August is called the month of Oil Price fluctuation
Thursday, August 28, 2008
I believe that market focus for the near future will be on the sterling and oil prices – two key elements in keeping the dollar stable. Oil prices fell the steepest fall in 4 years on last Friday to below $115, thus increasing the dollar's gains. The rise in oil prices is the U.S.-Russia conflict, as Russia is the second largest oil producer in the world. Canada is also one of the world's largest oil producers, providing the U.S. with the largest supply of oil.
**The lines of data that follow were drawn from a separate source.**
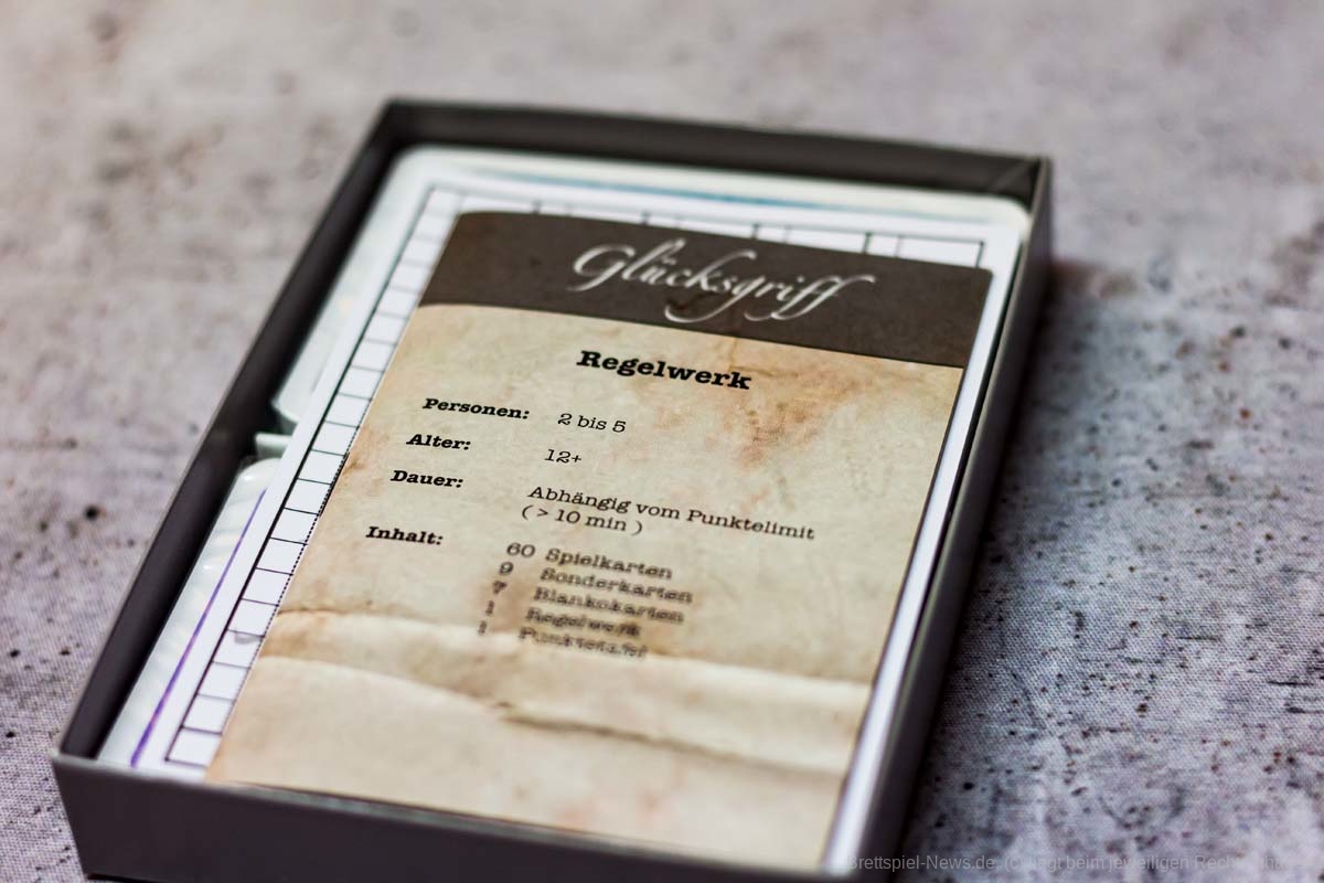 „GLÜCKSGRIFF“ schallt es durch den Raum. Schnell werden die Punkte gezählt und direkt ein „nochmal“ hinterhergeschoben. Wem gelingt es am schnellsten die Karten loszuwerden, um am Ende die wenigsten Punkte auf der Hand zu haben? GLÜCKSGRIFF ist ein kurzweiliges Kartenspiel für 2 bis 5 Personen.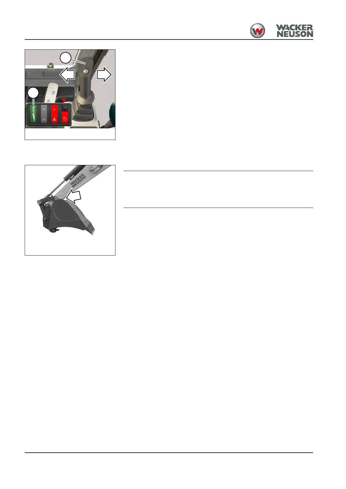 ► Do not tilt out the bucket completely if it is used as a shovel bucket.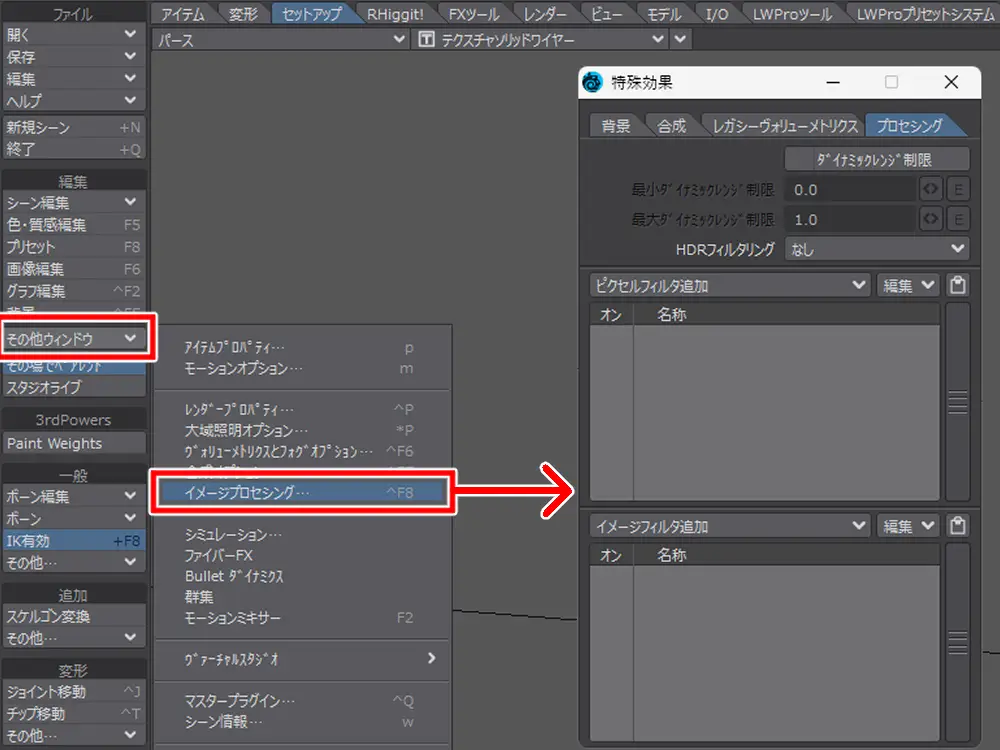 なんと「その他ウィンドウ」の「イメージプロセシング」にあります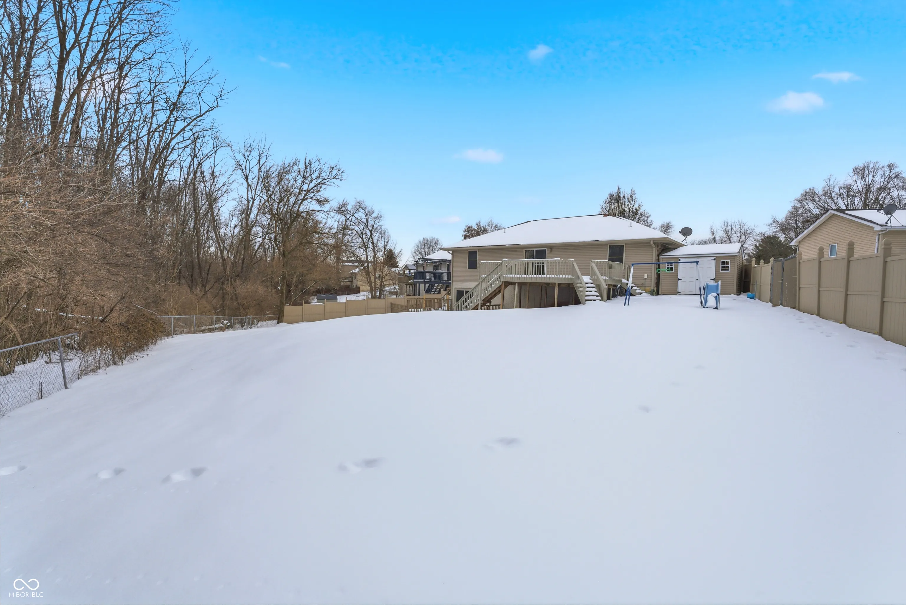 Welcome to this beautiful and unique home in a well-established neighborhood! This property is full of character and offers plenty of space for the whole family to enjoy. The main floor features a spacious master suite with walk-in closet, along with two additional bedrooms and a convenient guest bath. The kitchen is the heart of the home, with gorgeous butcher block countertops, a farmhouse sink, stainless steel appliances, shiplap accents, stylish backsplash, and a large bar that comfortably seats five-perfect for family meals or entertaining friends. A hidden pantry adds extra storage and charm. Downstairs you’ll find a huge open-concept basement, giving kids plenty of room to practice soccer, baseball, golfing simulator, or simply run and play during the winter months. The basement also includes laundry and utility space. One of the highlights of this home is the fully finished mother-in-law suite. With its own private entrance (or interior access), it offers a complete kitchen with quartz countertops, soft-close cabinetry, backsplash, and stainless steel appliances, plus a full bath. This space is perfect for extended family, guests, or flexible living arrangements. Throughout the home you’ll notice rich dark wood-style flooring that ties everything together beautifully. Outside, you’ll love the all-brick exterior, a large fenced-in yard for kids and pets, a spacious deck for grilling and relaxing, and a privacy fence along the north and south sides. An additional mini barn provides even more storage. This property truly has it all-room to grow, space to gather, and features that make family life easy and enjoyable. Don’t miss your chance to make it your own!

Very recently the rise in gold and oil prices has brought the dollar's rally to a halt. On the other hand, the rise of oil to above $116 a barrel was not as helpful to the euro and the sterling as expected, reflecting the bearish sentiment towards these currencies.
On 13th August 2008, the Oil prices were down yet again by 1.3 % to $113.17 a barrel – a total $30 drop since July's record. The steep fall from $147 to below $115, was due to its status of a major exporter of oil.
On the contrary on 11h august, this price eventually settled at $116.50 a barrel. I believe on that day that the rise of the euro had hit a wall, and its fall is not only contributed to the pressures from soaring oil prices. The euro has lost momentum, affected by dollar buying as well as the tight monetary policy, making investors believe that a European cut in interest rates will occur sooner than later.
Thus august month has seen major changes in the prices of oil and its impact on world currencies.